▶ [PROBLEM DETAILS] Copy the data that appears below exactly. Drop the pictures.

(Collection entries)
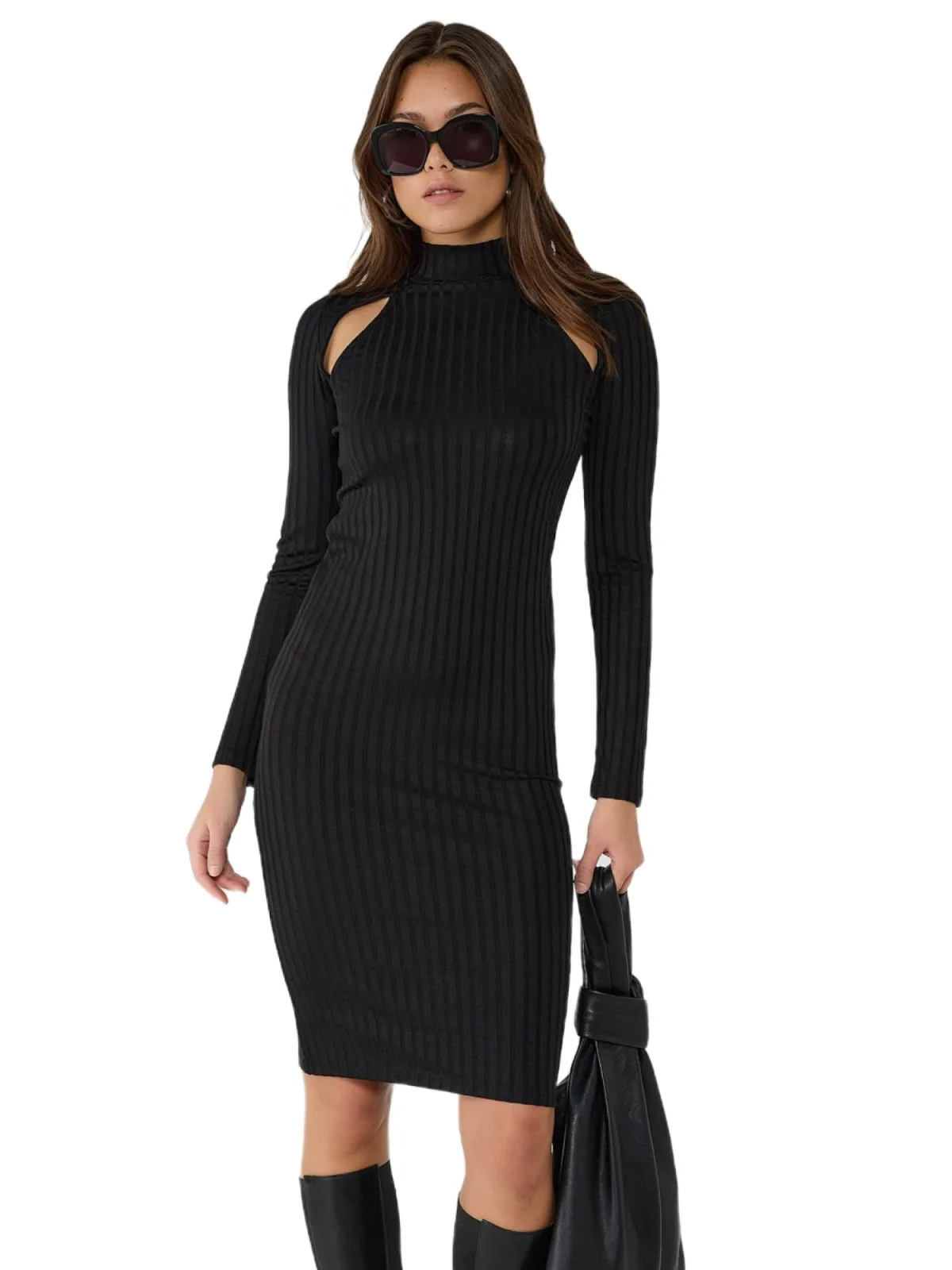 Design: Rechte zoom; Materiaal: Knitwear; Halstype: Opstaande kraag; Motief: Effen; Details: Cut-outs; Extra's: Voelt zacht aan; Lengte: Knielengte; Snit: Figuur omarmend; Pasvorm: Slanke pasvorm; Armlengte: Lange mouw
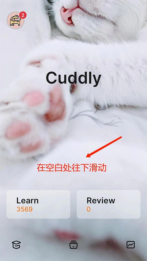 打开不背单词,进入主界面,在界面空白处往下滑动,
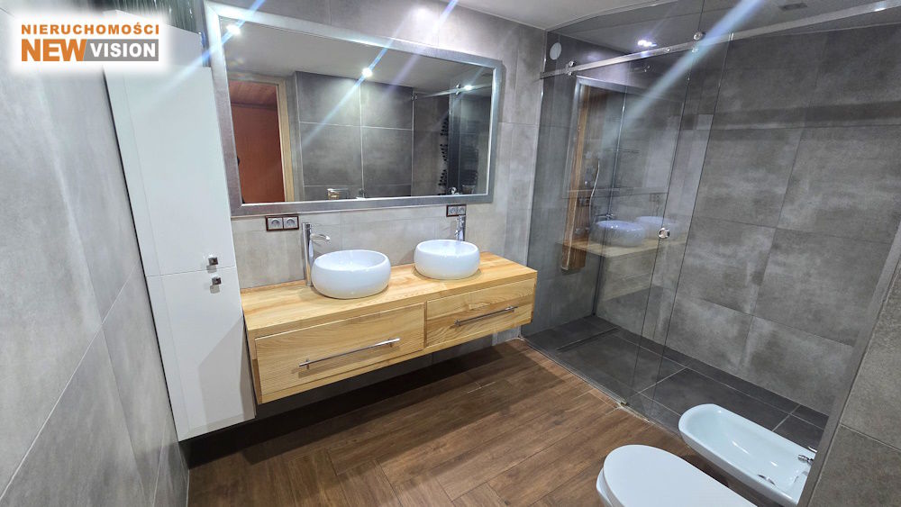 - Nowoczesną łazienkę z WC, prysznicem, bidetem i dwoma umywalkami (4,15 m²),
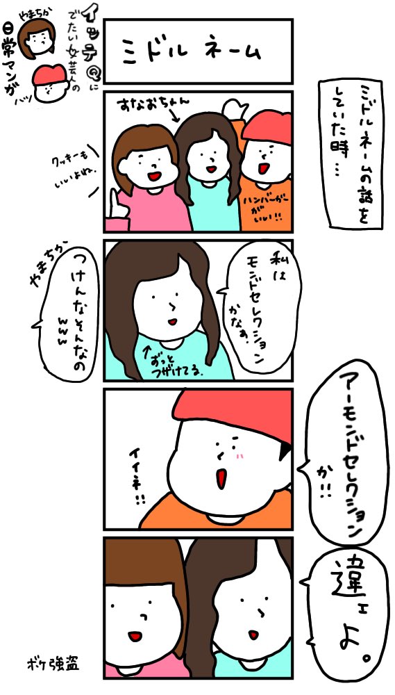 4 14 ちなみにわたしのミドルネームは米俵にしてくれと言われました。 #てづくり4コマ #漫画が読めるハッシュタグ 女芸人てづくりパンの実録四コマ漫画です 22/02/03 21:24
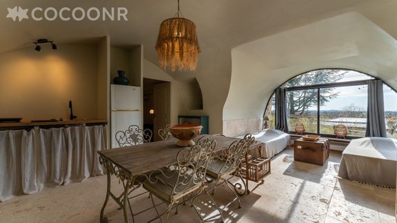 - Une pièce de vie de 40 m² avec une TV, un canapé et une cuisine ouverte équipée avec notamment : bouilloire électrique, four, four à micro-ondes, grille-pain, lave-vaisselle, plaques de cuisson...
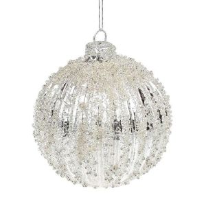Набор стеклянных шариков с декором из бисера, 8 см, цвет - серебряный.
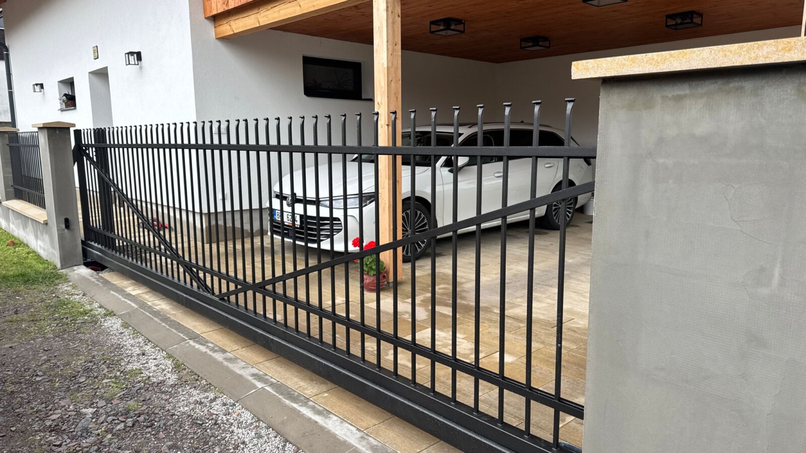 V obci Štěnkov jsme realizovali instalaci kovaného oplocení. Volbou designu PPK1 v klasické kovářské černé barvě bylo stvořeno elegantní a prémiově vypadající oplocení. Oplocení je vysoce pevné, kvalitní, nadčasové a bezúdržbové.
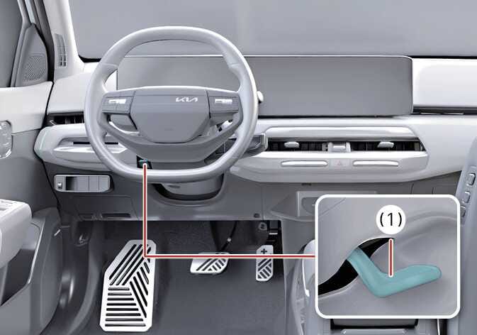 조절 레버(1)를 위로 올려 원위치한 다음 스티어링 휠이 확실하게 고정되었는지 확인하십시오.
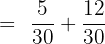 The denominator of the first fraction is 6 and the second fraction is 5. We will multiply 6 with the second fraction

▶ [TASK RESULT]
 Design: Rechte zoom; Materiaal: Knitwear; Halstype: Opstaande kraag; Motief: Effen; Details: Cut-outs; Extra's: Voelt zacht aan; Lengte: Knielengte; Snit: Figuur omarmend; Pasvorm: Slanke pasvorm; Armlengte: Lange mouw
 打开不背单词,进入主界面,在界面空白处往下滑动,
 - Nowoczesną łazienkę z WC, prysznicem, bidetem i dwoma umywalkami (4,15 m²),
 4 14 ちなみにわたしのミドルネームは米俵にしてくれと言われました。 #てづくり4コマ #漫画が読めるハッシュタグ 女芸人てづくりパンの実録四コマ漫画です 22/02/03 21:24
 - Une pièce de vie de 40 m² avec une TV, un canapé et une cuisine ouverte équipée avec notamment : bouilloire électrique, four, four à micro-ondes, grille-pain, lave-vaisselle, plaques de cuisson...
Набор стеклянных шариков с декором из бисера, 8 см, цвет - серебряный.
 V obci Štěnkov jsme realizovali instalaci kovaného oplocení. Volbou designu PPK1 v klasické kovářské černé barvě bylo stvořeno elegantní a prémiově vypadající oplocení. Oplocení je vysoce pevné, kvalitní, nadčasové a bezúdržbové.
 조절 레버(1)를 위로 올려 원위치한 다음 스티어링 휠이 확실하게 고정되었는지 확인하십시오.
 The denominator of the first fraction is 6 and the second fraction is 5. We will multiply 6 with the second fraction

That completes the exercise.